24

I have the following problem which states

Replace all characters in a string with + symbol except instances of the given string in the method

so for example if the string given was abc123efg and they want me to replace every character except every instance of 123 then it would become +++123+++.

I figured a regular expression is probably the best for this and I came up with this.

str.replaceAll("[^str]","+") 

where str is a variable, but its not letting me use the method without putting it in quotations. If I just want to replace the variable string str how can I do that?
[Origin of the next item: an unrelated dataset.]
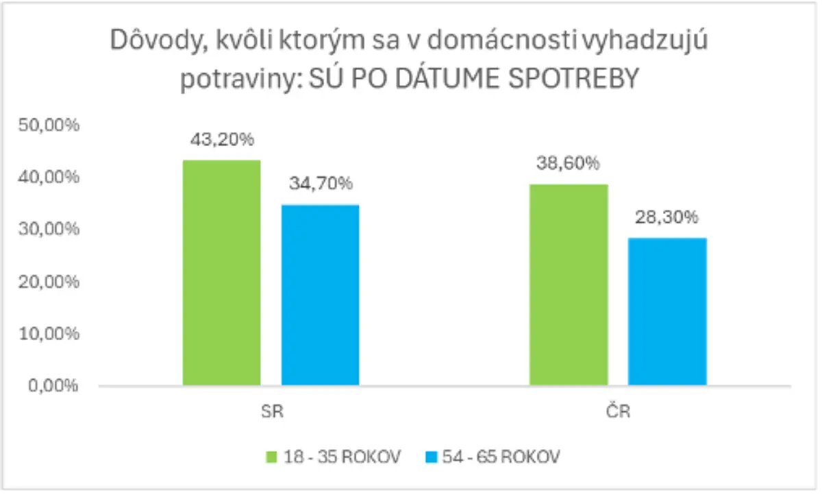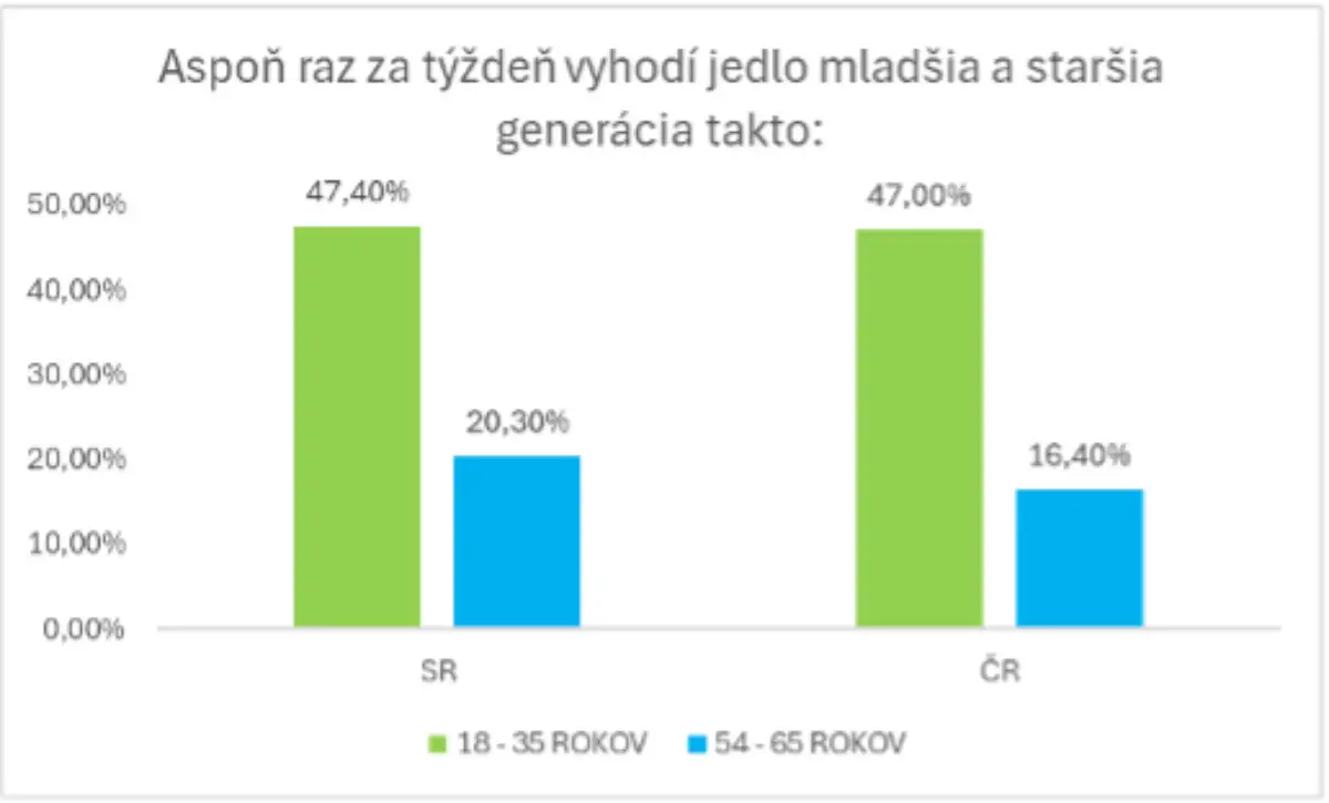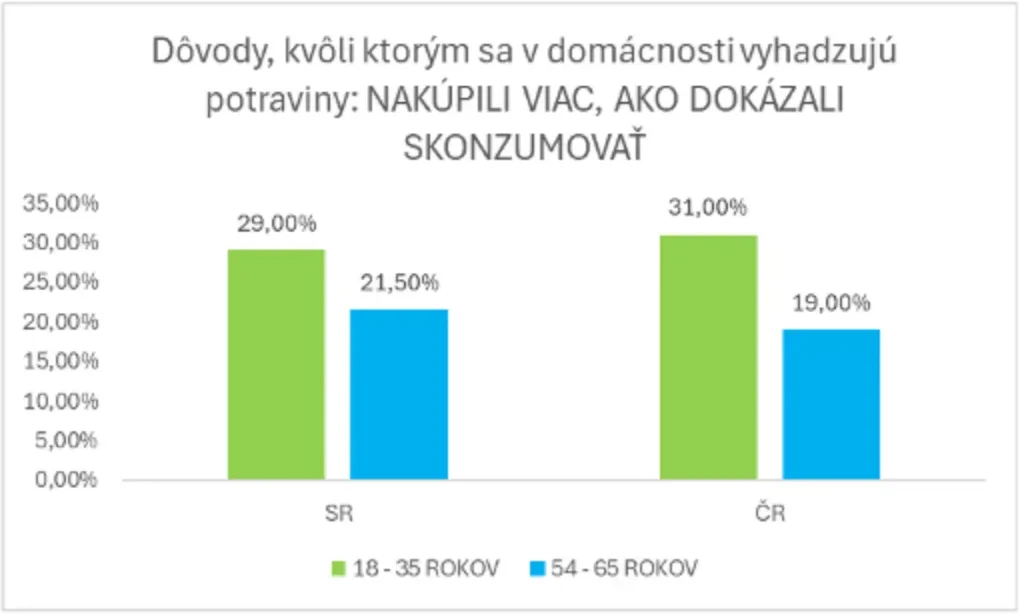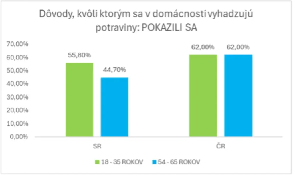 Podľa údajov z prieskumu jedlo zbytočne vyhadzuje aspoň raz týždenne až 47,4 percent Slovákov a 47 percent Čechov vo veku 18 – 35 rokov. V generácii 54 – 65 rokov ide len o 20,3 percent Slovákov a 16,4 percent Čechov. Najčastejším dôvodom sú pokazené potraviny, ktoré sa hromadia z dôvodu zlého plánovania a zbytočne veľkých nákupov. Uvádza to takmer 56 percent mladých Slovákov a 62 percent rovesníkov v Česku. Druhým najčastejším dôvodom vyhadzovania sú potraviny po dátume spotreby, pričom tento dôvod uvádza 43,2 percent Slovákov a takmer 39 percent Čechov z tejto vekovej skupiny. Prebytky z nadmerných nákupov priznalo 29 percent Slovákov a 31 percent Čechov do 35 rokov.

I ran it with the string manually typed and it worked on the method, but can I just input a variable?

as of right now I believe its looking for the string "str" and not the variable string.

Here is the output its right for so many cases except for two :(

enter image description here

List of open test cases:

plusOut("12xy34", "xy") → "++xy++"
plusOut("12xy34", "1") → "1+++++"
plusOut("12xy34xyabcxy", "xy") → "++xy++xy+++xy"
plusOut("abXYabcXYZ", "ab") → "ab++ab++++"
plusOut("abXYabcXYZ", "abc") → "++++abc+++"
plusOut("abXYabcXYZ", "XY") → "++XY+++XY+"
plusOut("abXYxyzXYZ", "XYZ") → "+++++++XYZ"
plusOut("--++ab", "++") → "++++++"
plusOut("aaxxxxbb", "xx") → "++xxxx++"
plusOut("123123", "3") → "++3++3"
Rich
  • 13,254
  • 1
  • 56
  • 102
fsdff
  • 609
  • 4
  • 10
  • try `var.replaceAll("[^" + str + "]","+") ` – Scary Wombat Sep 13 '18 at 05:02
  • 1
    when you write [^str] in quotes, it takes the literal characters in that string instead of your variable so it will match to anything that isn't the letter s, t, or r – faris Sep 13 '18 at 05:44

7 Answers7

15

Looks like this is the plusOut problem on CodingBat.

I had 3 solutions to this problem, and wrote a new streaming solution just for fun.

Solution 1: Loop and check

Create a StringBuilder out of the input string, and check for the word at every position. Replace the character if doesn't match, and skip the length of the word if found.

public String plusOut(String str, String word) {
  StringBuilder out = new StringBuilder(str);

  for (int i = 0; i < out.length(); ) {
    if (!str.startsWith(word, i))
      out.setCharAt(i++, '+');
    else
      i += word.length();
  }

  return out.toString();
}

This is probably the expected answer for a beginner programmer, though there is an assumption that the string doesn't contain any astral plane character, which would be represented by 2 char instead of 1.

Solution 2: Replace the word with a marker, replace the rest, then restore the word

public String plusOut(String str, String word) {
    return str.replaceAll(java.util.regex.Pattern.quote(word), "@").replaceAll("[^@]", "+").replaceAll("@", word);
}

Not a proper solution since it assumes that a certain character or sequence of character doesn't appear in the string.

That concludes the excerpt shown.